HE^2: A Communication-Light Heterogeneous Architecture for Efficient Fully Homomorphic Encryption

CKKS, an emerging fully homomorphic encryption (FHE) scheme, has been promising in privacy-preserving applications by enabling SIMD fixed-point computations on ciphertexts. Despite its strong security guarantees, CKKS involves both compute-intensive operators (ComOps) with high computational cost and memory-intensive operators (MemOps) with large memory footprints, making existing ASIC-based or NMP-based acceleration approaches suffer from high hardware overhead and limited efficiency. This observation motivates the integration of the architectural advantages of both paradigms into a heterogeneous xPU (ASIC)-xMU (NMP) architecture. However, in such a design, frequent and long-latency heterogeneous communication caused by the dominant keyswitch operator remains a key performance bottleneck. In this paper, we propose $HE^2$, a communication-light xPU-xMU heterogeneous FHE accelerator with dataflow graph (DFG) optimization and architecture co-design. First, we observe that the majority of communication arises at the interface between ModUp/ModDown and neighboring MemOps. To address this, we propose a DFG-level optimization framework to fully exploit the ModUp/ModDown reduction potential of the hoisting algorithm by identifying parallel keyswitch blocks and fusing them for reduced communication frequency. Second, we design an efficient heterogeneous architecture that adopts a group-level pipelined execution to effectively hide communication latency by leveraging the inherent parallelism across decomposed groups.
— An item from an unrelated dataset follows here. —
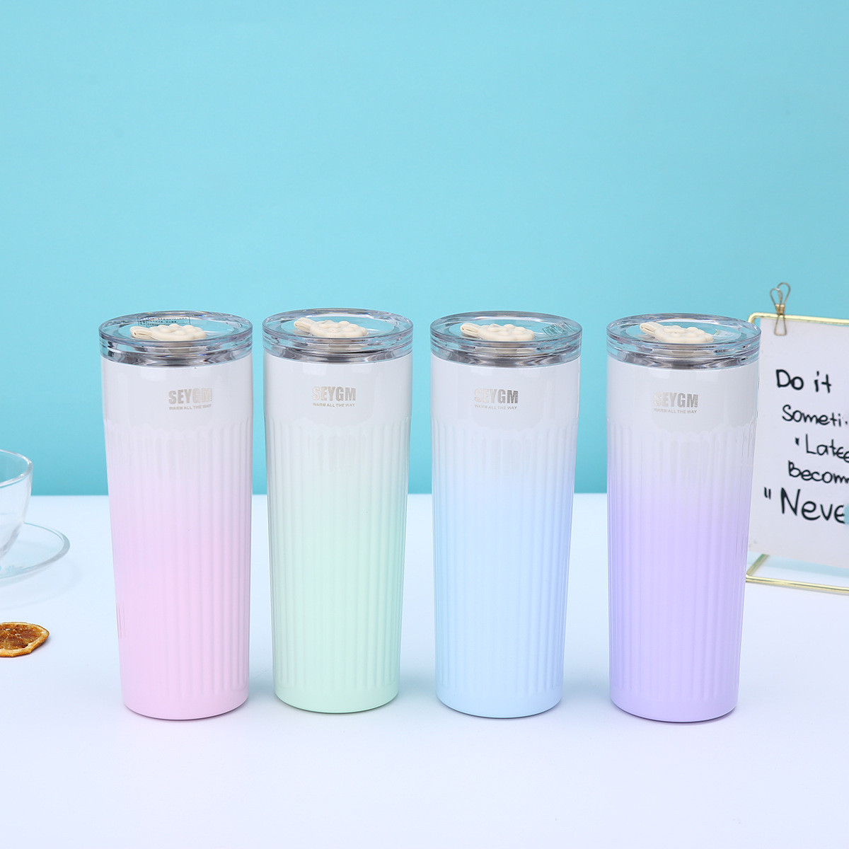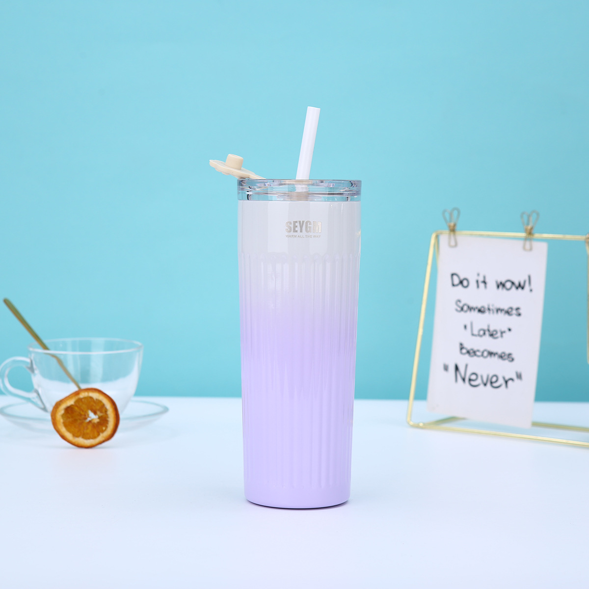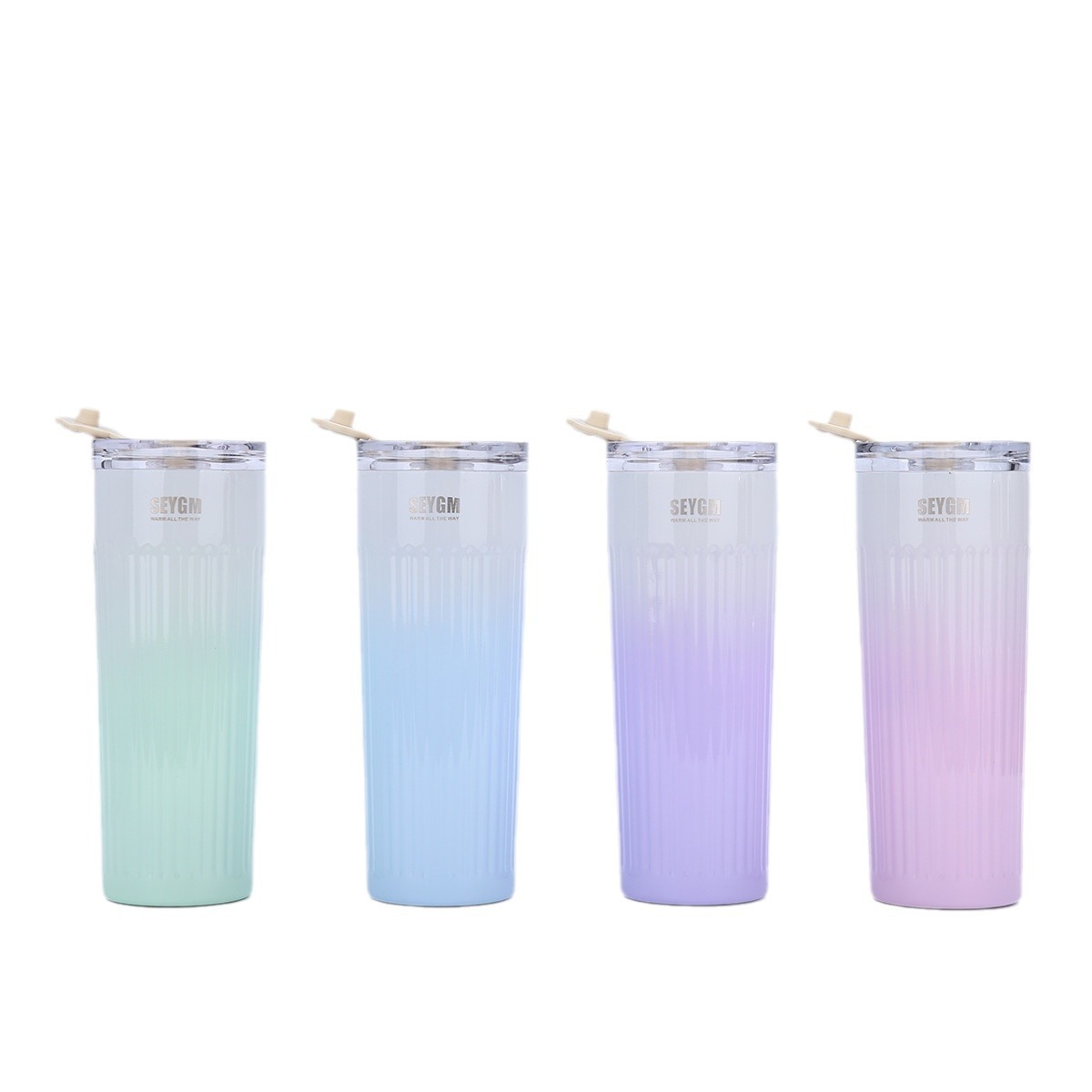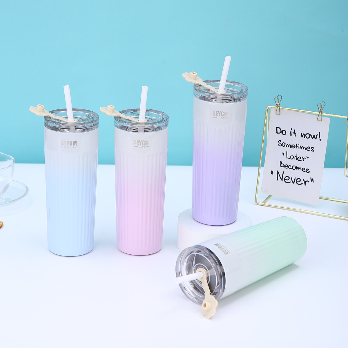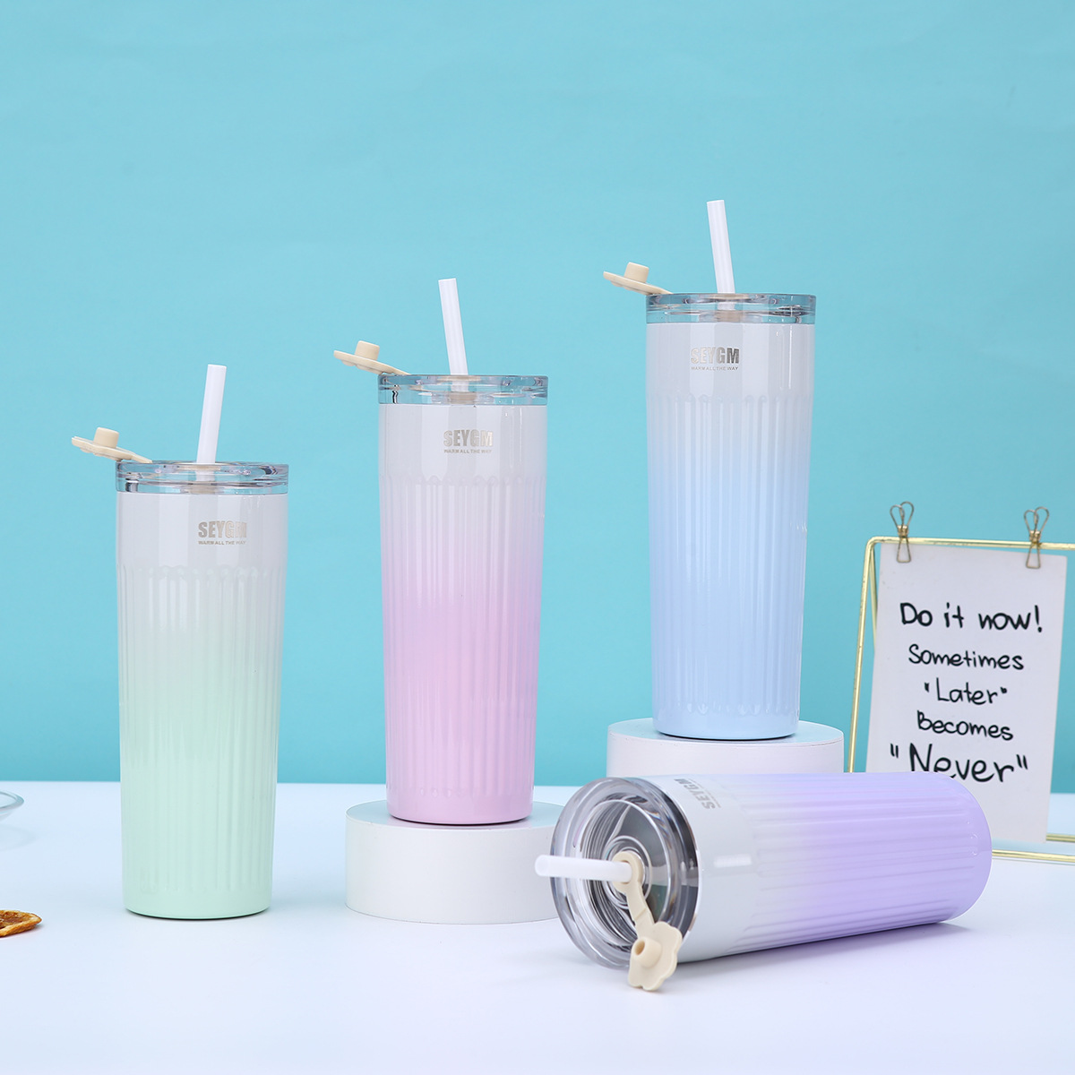 星爸爸高颜值竖条纹保温杯商务办公耐高温吸管杯车载渐变咖啡杯

End-to-end evaluation results show that $HE^2$ achieves 1.66$\times$ speedup and 9.23$\times$ lower EDAP (Energy-Delay-Area Product) compared to the state-of-the-art accelerator, with communication stalls accounting for only 6.67% of the total latency.

翻译：CKKS作为一种新兴的全同态加密方案，通过支持密文上的SIMD定点计算，在隐私保护应用中展现出巨大潜力。尽管具有强大的安全保证，CKKS同时包含计算密集型算子（高计算成本）和内存密集型算子（大内存占用），使得现有基于ASIC或近内存计算的加速方法面临高硬件开销和有限效率的问题。这一观察促使我们将两种范式的架构优势整合到异构xPU（ASIC）-xMU（近内存计算）架构中。然而在此类设计中，由主导性密钥切换算子引发的频繁长延迟异构通信仍是关键性能瓶颈。本文提出$HE^2$，一种采用数据流图优化与架构协同设计的轻通信异构FHE加速器。首先，我们发现大部分通信发生在ModUp/ModDown与相邻MemOps的接口处。为此，我们提出数据流图级优化框架，通过识别并行密钥切换块并进行融合以降低通信频率，充分挖掘提升算法的ModUp/ModDown缩减潜力。其次，我们设计了高效异构架构，采用组级流水线执行，通过利用分解组间的固有并行性有效隐藏通信延迟。端到端评估结果表明，与最先进的加速器相比，$HE^2$实现1.66倍加速比和9.23倍EDAP（能量-延迟-面积积）降低，通信停顿仅占总延迟的6.67%。